### Available data
________________________________________
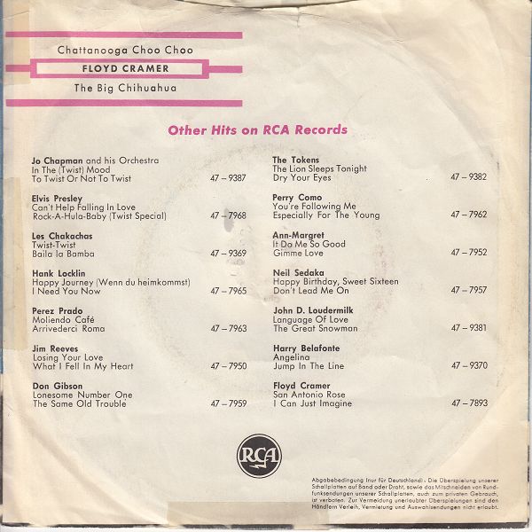 03 62....47-9391....FLOYD CRAMER..Chattanooga Choo Choo/The Big Chihuahua (RCA VICTOR 7978/7388)
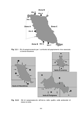Fig. 3.3.2 - Siti di campionamento all’interno delle quattro unità ambientali di
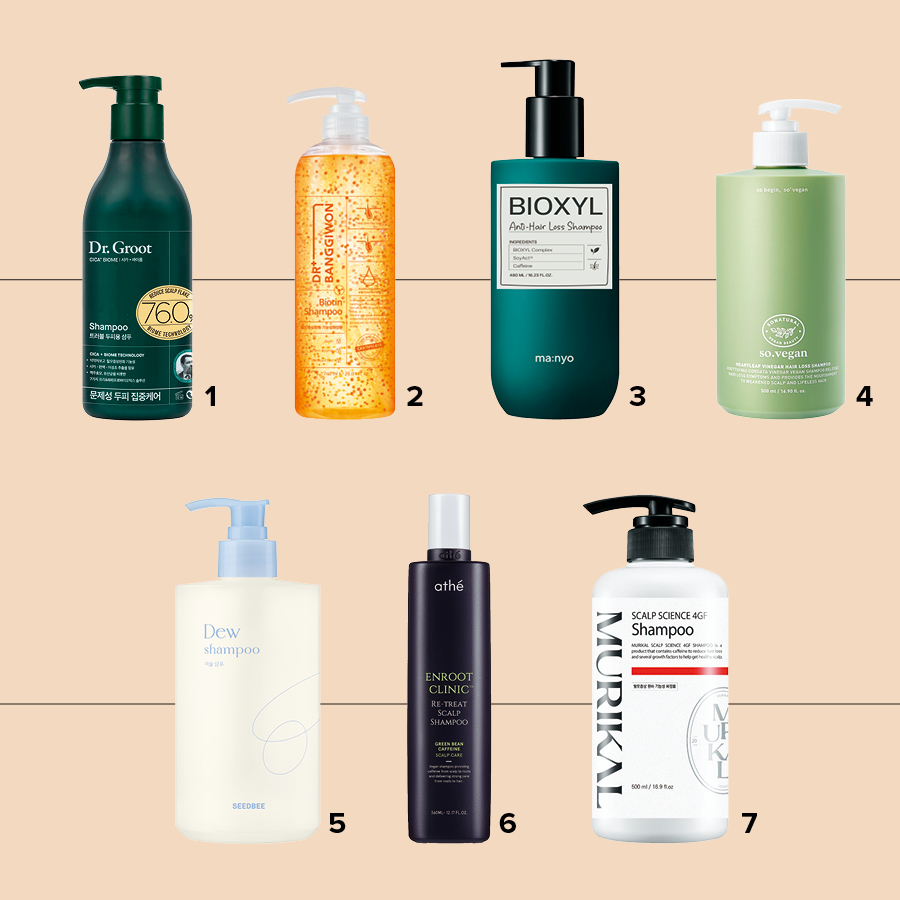1 닥터그루트 시카+바이옴 트러블두피용 샴푸 두피 진정과 유수분 밸런스 조절에 탁월한 시카와 바이옴 추출물로 완성된 시카+바이옴 콤플렉스가 두피 컨디션을 개선한다. 350ml 2만5900원. 2 닥터방기원 바이오틴 샴푸 탈모 완화에 효과적인 바이오틴 성분을 캡슐에 담아 건강한 두피로 케어하는 것은 물론 모발 끝까지 영양을 공급한다. 740ml 2만1000원. 3 마녀공장 바이옥실 안티 헤어 로스 샴푸 비타민 B 복합체인 바이오틴과 10가지 두피 강화 원료를 배합한 바이옥실 콤플렉스 성분으로 탄탄한 두피 건강을 완성한다. 480ml 3만3000원. 4 쏘내추럴 하트리프 비니거 헤어 로스 샴푸 어성식초와 식물성 레드 콜라겐 성분으로 완성된 조밀한 거품이 민감성 두피와 푸석한 모발을 동시에 케어한다. 500ml 2만8000원. 5 씨드비 이슬 샴푸 건강한 두피 환경을 조성하는 카페인을 주성분으로 사용했다. 97% 생분해 입증을 완료해 잔여감 없는 개운한 클렌징을 경험할 수 있다. 500ml 가격미정. 6 아떼 앤루트 클리닉 리 트리트 스칼프 샴푸 3번 정제한 순수 카페인이 두피 속 모근까지 흡수되어 두피에 활력을 불어넣는다. 360ml 3만3000원. 7 머리칼 스칼프 사이런스 포지에프 샴푸 두피의 모세혈관 증식에 중요한 역할을 하는 VEGF를 비롯해 우리 몸에 존재하는 성장인자 5종류와 구리복합체를 조합해 탈모 방지와 모발 성장 촉진을 돕는다. 500ml 9만6000원.
________________________________________
### Task brief
Please repeat, exactly as written, only the lines from the line with "Fig. 3.3.2 - Siti" to the end of the data, leaving out every picture.

### Solution to this task
Fig. 3.3.2 - Siti di campionamento all’interno delle quattro unità ambientali di
1 닥터그루트 시카+바이옴 트러블두피용 샴푸 두피 진정과 유수분 밸런스 조절에 탁월한 시카와 바이옴 추출물로 완성된 시카+바이옴 콤플렉스가 두피 컨디션을 개선한다. 350ml 2만5900원. 2 닥터방기원 바이오틴 샴푸 탈모 완화에 효과적인 바이오틴 성분을 캡슐에 담아 건강한 두피로 케어하는 것은 물론 모발 끝까지 영양을 공급한다. 740ml 2만1000원. 3 마녀공장 바이옥실 안티 헤어 로스 샴푸 비타민 B 복합체인 바이오틴과 10가지 두피 강화 원료를 배합한 바이옥실 콤플렉스 성분으로 탄탄한 두피 건강을 완성한다. 480ml 3만3000원. 4 쏘내추럴 하트리프 비니거 헤어 로스 샴푸 어성식초와 식물성 레드 콜라겐 성분으로 완성된 조밀한 거품이 민감성 두피와 푸석한 모발을 동시에 케어한다. 500ml 2만8000원. 5 씨드비 이슬 샴푸 건강한 두피 환경을 조성하는 카페인을 주성분으로 사용했다. 97% 생분해 입증을 완료해 잔여감 없는 개운한 클렌징을 경험할 수 있다. 500ml 가격미정. 6 아떼 앤루트 클리닉 리 트리트 스칼프 샴푸 3번 정제한 순수 카페인이 두피 속 모근까지 흡수되어 두피에 활력을 불어넣는다. 360ml 3만3000원. 7 머리칼 스칼프 사이런스 포지에프 샴푸 두피의 모세혈관 증식에 중요한 역할을 하는 VEGF를 비롯해 우리 몸에 존재하는 성장인자 5종류와 구리복합체를 조합해 탈모 방지와 모발 성장 촉진을 돕는다. 500ml 9만6000원.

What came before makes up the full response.